População cobra ação imediata da Prefeitura de Lagoa Grande diante de cães doentes soltos nas ruas

Moradores de Lagoa Grande, no Sertão de Pernambuco, fazem um apelo urgente ao poder público municipal diante da presença constante de cães doentes circulando livremente pelas ruas, situação que, segundo a população, já ultrapassou o limite do aceitável e se tornou um grave problema de saúde pública.

A situação não somente acontece na sede, no Distrito de Vermelhos, moradores denunciam que um cachorro com sintomas evidentes de calazar e sarna vaga pelas ruas há quase um ano, sem qualquer providência, da Secretaria Municipal de Saúde através dos agentes de endemias.

“Qual vai ser a providência que estão tomando? Vão deixar infectar os humanos com calazar e sarna? Já faz quase um ano que esse cachorro anda solto até hoje. Cadê os agentes de endemias? Será que só eu vejo esse cachorro aí na rua?”, questiona uma moradora.

A população alerta que o problema vai muito além do abandono animal e representa um risco real e iminente à saúde coletiva, especialmente para crianças, que brincam diariamente nas calçadas onde os animais circulam.

“Isso é uma questão de saúde. Tem que tomar providências urgentes. A infecção acontece rápido”, reforça a moradora.

O medo, segundo ela, não é teórico. É baseado em dor e perda.

“Já tive vítima na família. Uma prima minha morreu de calazar. Não é brincadeira. Você perde um ente querido”, desabafa.

A denúncia da moradora do distrito de Vermelhos, foram feitos através de um grupo de WhatsApp.
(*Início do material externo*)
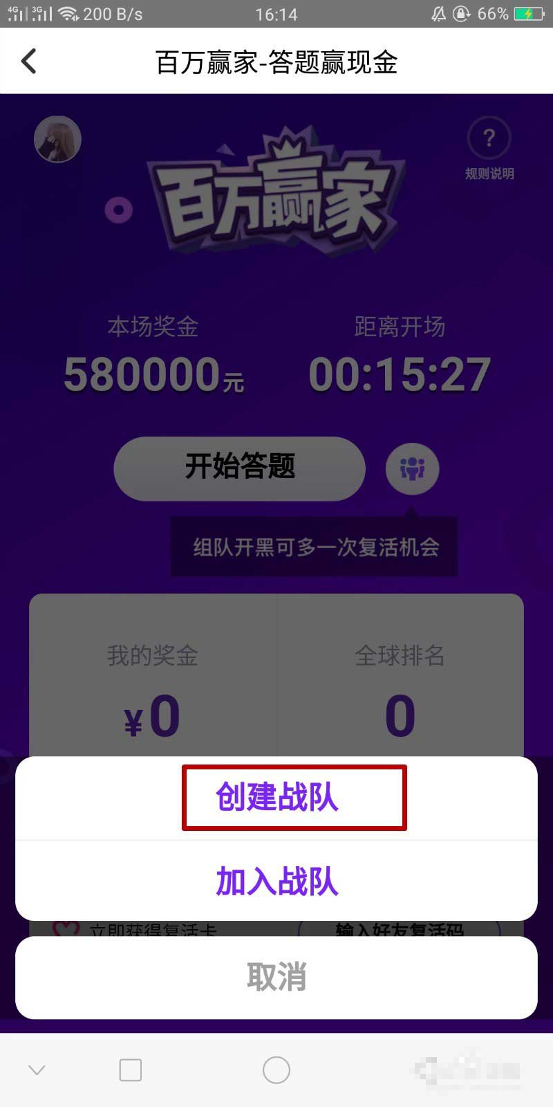 4、选择创建战队则是自己选择邀请好友组队参加,或者点击加入战队,输入好友的战队号即可。小编教给大家怎样邀请好友参加,所以我们要点击创建战队。

As denúncias se estendem para a sede do município, onde moradores afirmam que cães soltos estão presentes em praticamente todas as ruas de Lagoa Grande, inclusive em agências bancárias, aproveitando o ar-condicionado, e em quiosques da praça de alimentação e outros estabelecimentos onde há consumo de alimentos.

Apesar das inúmeras reclamações, moradores afirmam que nenhuma medida concreta foi implantada até o momento. A ausência de ações da Vigilância Sanitária, da Secretaria Municipal de Saúde e dos agentes de endemias tem gerado revolta e sensação de abandono por parte da população em relação a esse problem de saúde dos cães, apesar de recentemente ter ocorrido a campanha de vacinação anti rábica. Esses animais diagnosticados com doenças devem serem retirados das ruas.

Diante do cenário, a comunidade cobra ações imediatas e efetivas, como retirada e acompanhamento veterinário dos animais doentes, controle do vetor transmissor do calazar, campanhas educativas, fiscalização sanitária e políticas públicas permanentes para o controle populacional de cães.